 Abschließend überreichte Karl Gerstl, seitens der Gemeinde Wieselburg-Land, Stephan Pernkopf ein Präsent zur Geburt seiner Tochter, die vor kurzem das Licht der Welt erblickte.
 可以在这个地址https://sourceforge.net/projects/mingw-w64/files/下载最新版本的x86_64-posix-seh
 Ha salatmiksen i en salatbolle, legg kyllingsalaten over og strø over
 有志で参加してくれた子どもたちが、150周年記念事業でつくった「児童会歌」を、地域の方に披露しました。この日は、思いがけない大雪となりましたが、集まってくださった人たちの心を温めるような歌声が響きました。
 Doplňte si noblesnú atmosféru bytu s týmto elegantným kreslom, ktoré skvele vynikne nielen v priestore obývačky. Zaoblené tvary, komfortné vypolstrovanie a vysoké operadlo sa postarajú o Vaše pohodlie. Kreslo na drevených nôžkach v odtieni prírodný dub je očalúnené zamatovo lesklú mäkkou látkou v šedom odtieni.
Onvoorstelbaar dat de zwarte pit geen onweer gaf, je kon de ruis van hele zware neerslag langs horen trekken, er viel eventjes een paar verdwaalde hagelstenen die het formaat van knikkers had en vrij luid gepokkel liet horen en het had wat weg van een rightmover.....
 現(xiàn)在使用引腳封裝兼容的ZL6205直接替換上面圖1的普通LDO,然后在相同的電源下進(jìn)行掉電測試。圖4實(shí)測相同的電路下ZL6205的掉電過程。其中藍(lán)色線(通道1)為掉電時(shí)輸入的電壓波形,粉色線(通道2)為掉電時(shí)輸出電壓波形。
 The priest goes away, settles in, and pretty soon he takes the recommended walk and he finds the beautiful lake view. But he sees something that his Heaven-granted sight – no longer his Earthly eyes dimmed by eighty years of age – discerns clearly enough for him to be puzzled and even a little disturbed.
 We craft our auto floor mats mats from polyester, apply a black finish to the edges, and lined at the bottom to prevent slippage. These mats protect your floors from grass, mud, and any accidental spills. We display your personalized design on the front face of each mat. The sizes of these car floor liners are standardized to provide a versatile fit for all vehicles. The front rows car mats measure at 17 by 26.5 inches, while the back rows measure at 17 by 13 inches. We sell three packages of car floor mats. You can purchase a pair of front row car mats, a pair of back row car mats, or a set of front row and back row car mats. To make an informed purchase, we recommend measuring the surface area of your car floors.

==

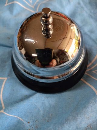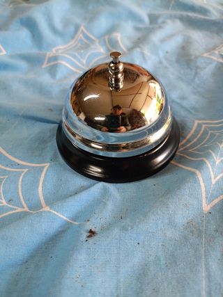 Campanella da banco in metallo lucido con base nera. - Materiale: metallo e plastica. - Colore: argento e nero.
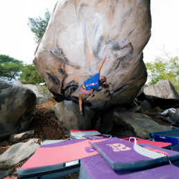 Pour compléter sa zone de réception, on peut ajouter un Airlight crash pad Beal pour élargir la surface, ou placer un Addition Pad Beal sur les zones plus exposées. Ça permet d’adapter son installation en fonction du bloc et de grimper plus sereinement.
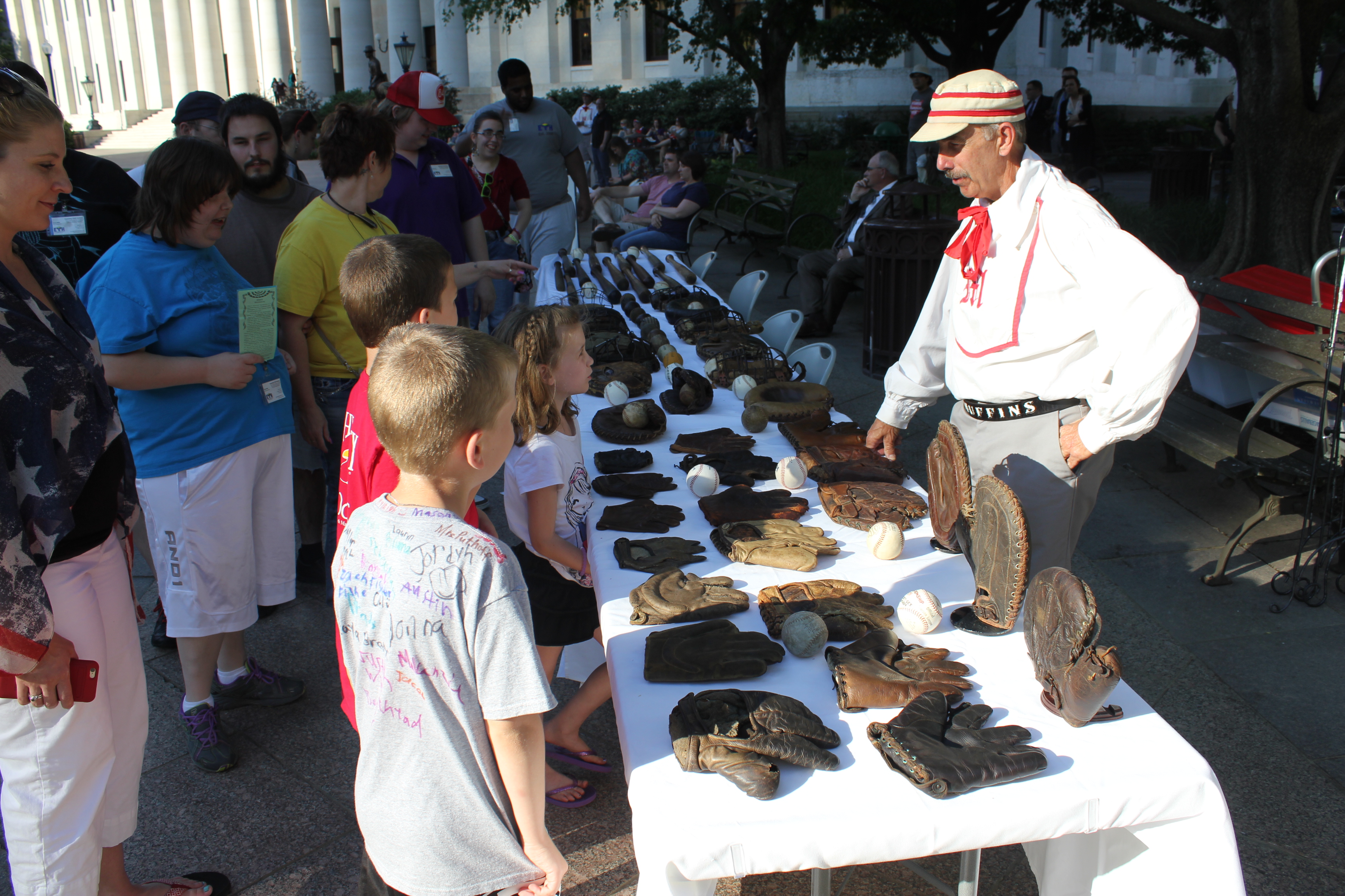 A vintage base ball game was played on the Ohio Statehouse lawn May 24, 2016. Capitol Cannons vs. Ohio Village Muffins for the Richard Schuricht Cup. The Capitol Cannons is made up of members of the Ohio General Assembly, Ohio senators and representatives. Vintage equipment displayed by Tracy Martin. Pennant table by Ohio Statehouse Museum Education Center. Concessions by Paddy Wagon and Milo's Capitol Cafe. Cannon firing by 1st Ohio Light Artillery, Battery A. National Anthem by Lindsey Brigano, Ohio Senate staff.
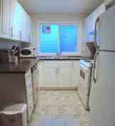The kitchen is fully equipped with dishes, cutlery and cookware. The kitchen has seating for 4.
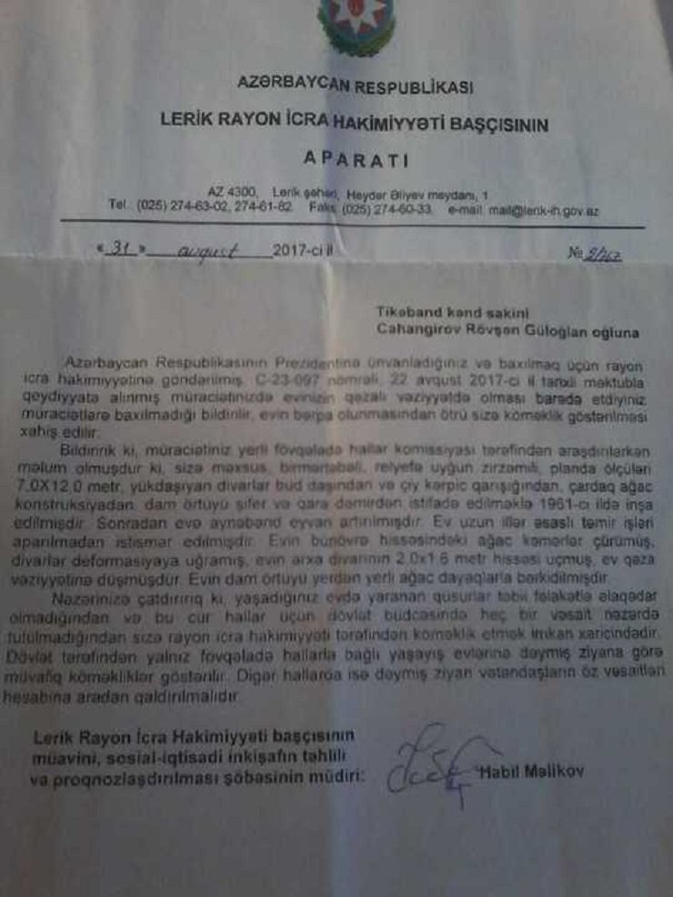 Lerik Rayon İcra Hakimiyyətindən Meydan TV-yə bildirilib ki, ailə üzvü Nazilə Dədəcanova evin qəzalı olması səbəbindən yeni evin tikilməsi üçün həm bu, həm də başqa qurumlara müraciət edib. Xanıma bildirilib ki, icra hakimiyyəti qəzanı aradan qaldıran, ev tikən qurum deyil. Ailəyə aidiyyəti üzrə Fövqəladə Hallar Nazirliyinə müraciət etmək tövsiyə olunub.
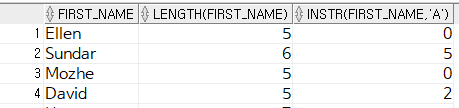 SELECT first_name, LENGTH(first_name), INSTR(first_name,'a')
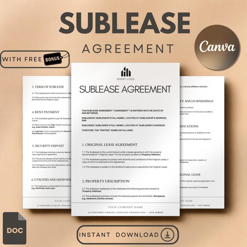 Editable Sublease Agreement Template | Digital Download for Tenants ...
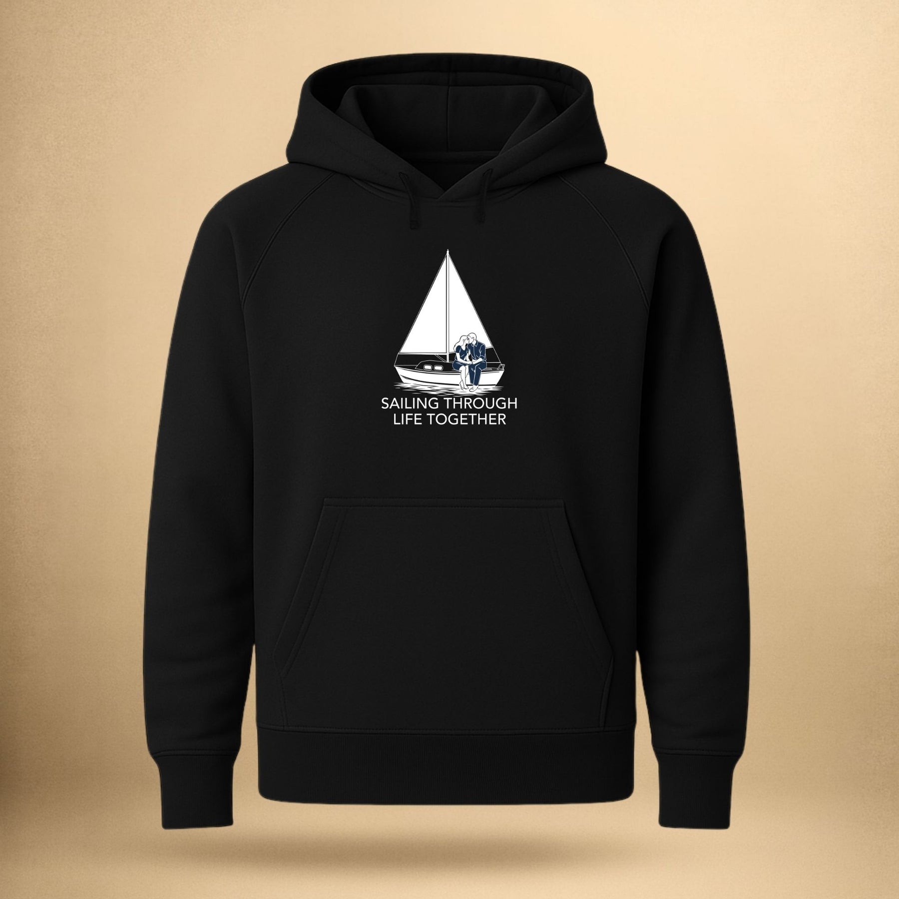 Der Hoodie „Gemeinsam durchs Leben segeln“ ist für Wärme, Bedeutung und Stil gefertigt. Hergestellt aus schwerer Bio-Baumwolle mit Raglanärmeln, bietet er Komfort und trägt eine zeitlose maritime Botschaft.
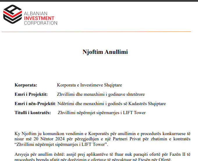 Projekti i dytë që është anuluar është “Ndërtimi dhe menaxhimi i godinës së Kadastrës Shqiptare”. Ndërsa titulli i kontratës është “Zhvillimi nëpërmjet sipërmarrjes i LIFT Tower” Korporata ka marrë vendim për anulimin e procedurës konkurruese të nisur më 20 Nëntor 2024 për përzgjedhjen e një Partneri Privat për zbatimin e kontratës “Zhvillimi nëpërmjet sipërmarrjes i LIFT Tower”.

--

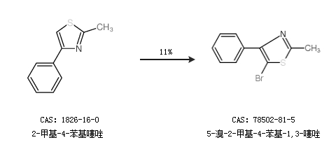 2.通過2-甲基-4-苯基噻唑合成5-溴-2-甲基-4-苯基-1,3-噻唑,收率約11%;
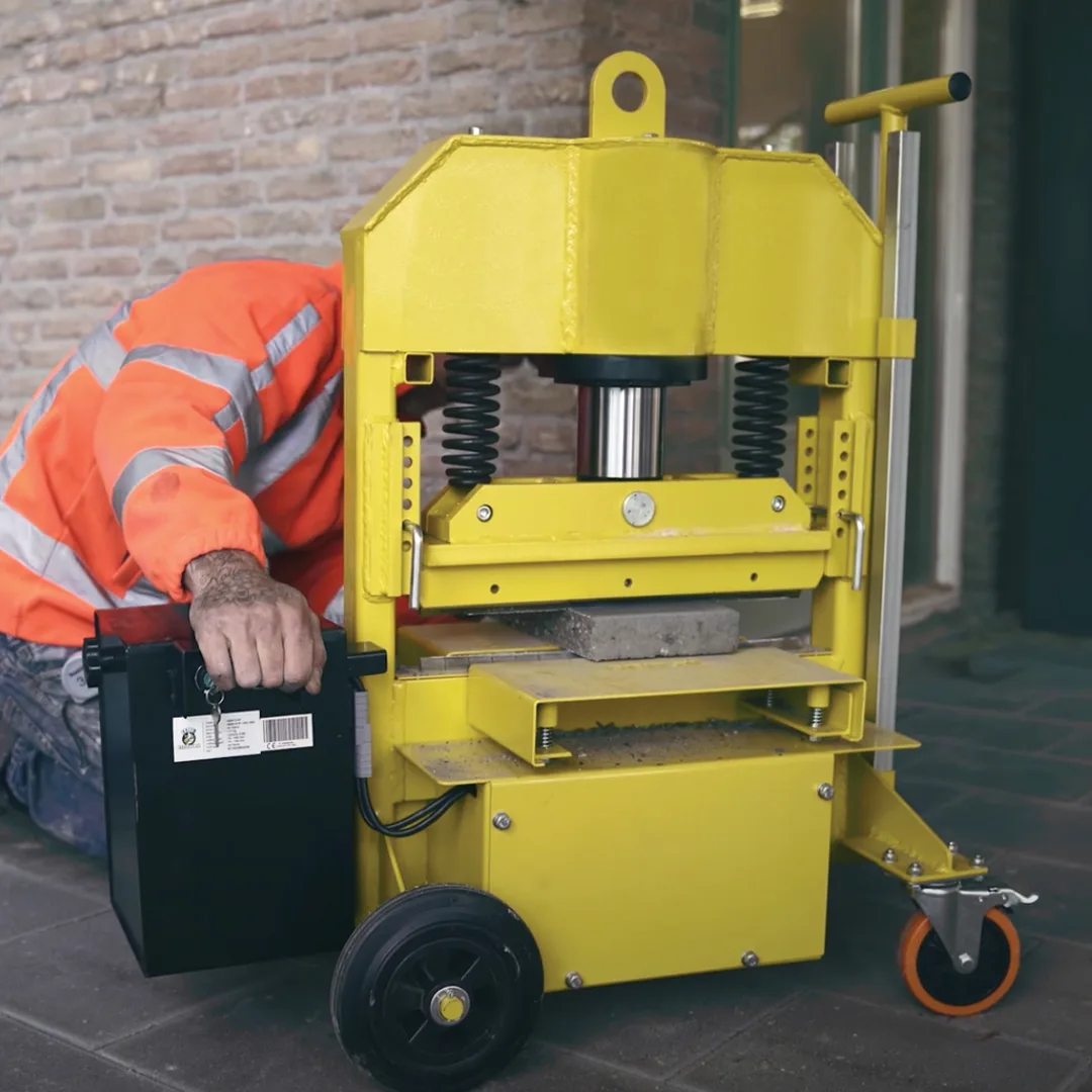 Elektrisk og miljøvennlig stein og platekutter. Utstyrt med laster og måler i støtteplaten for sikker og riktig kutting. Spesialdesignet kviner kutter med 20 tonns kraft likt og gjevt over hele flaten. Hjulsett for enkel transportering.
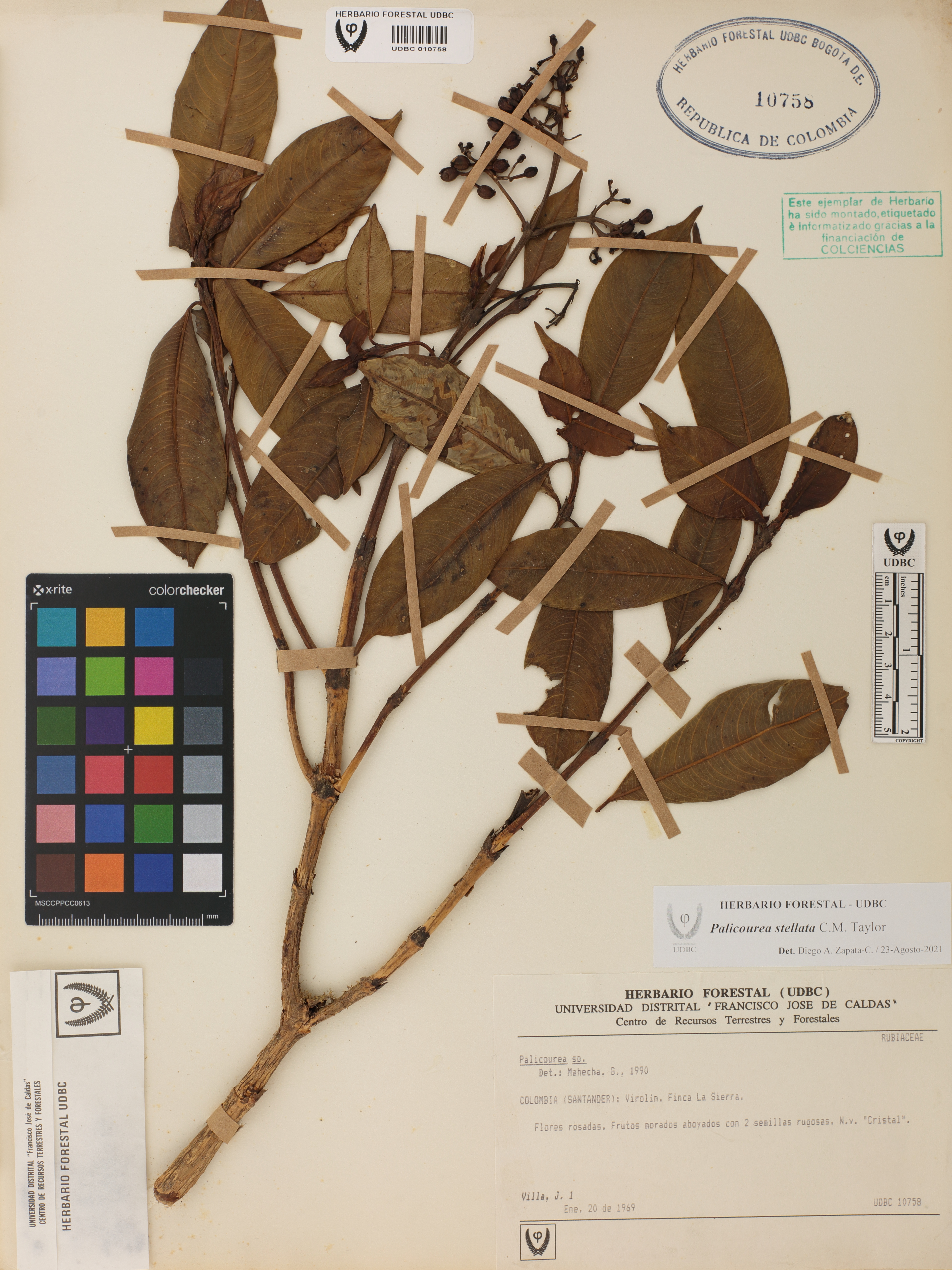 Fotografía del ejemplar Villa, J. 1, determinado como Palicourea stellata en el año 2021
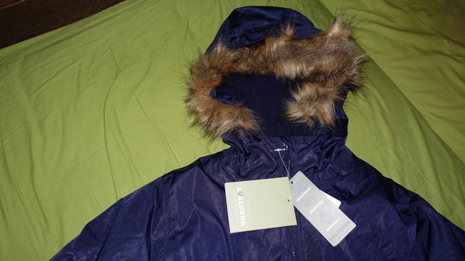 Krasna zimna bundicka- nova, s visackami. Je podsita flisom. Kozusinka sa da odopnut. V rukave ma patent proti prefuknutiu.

▸ **TASK GOAL**: In the listing above, find the line with "Editable Sublease Agreement" and the line with "Projekti i dytë". Output both, plus every line between them, and no pictures.

▸ **RESULT OF THIS TASK**:
 Editable Sublease Agreement Template | Digital Download for Tenants ...
 Der Hoodie „Gemeinsam durchs Leben segeln“ ist für Wärme, Bedeutung und Stil gefertigt. Hergestellt aus schwerer Bio-Baumwolle mit Raglanärmeln, bietet er Komfort und trägt eine zeitlose maritime Botschaft.
 Projekti i dytë që është anuluar është “Ndërtimi dhe menaxhimi i godinës së Kadastrës Shqiptare”. Ndërsa titulli i kontratës është “Zhvillimi nëpërmjet sipërmarrjes i LIFT Tower” Korporata ka marrë vendim për anulimin e procedurës konkurruese të nisur më 20 Nëntor 2024 për përzgjedhjen e një Partneri Privat për zbatimin e kontratës “Zhvillimi nëpërmjet sipërmarrjes i LIFT Tower”.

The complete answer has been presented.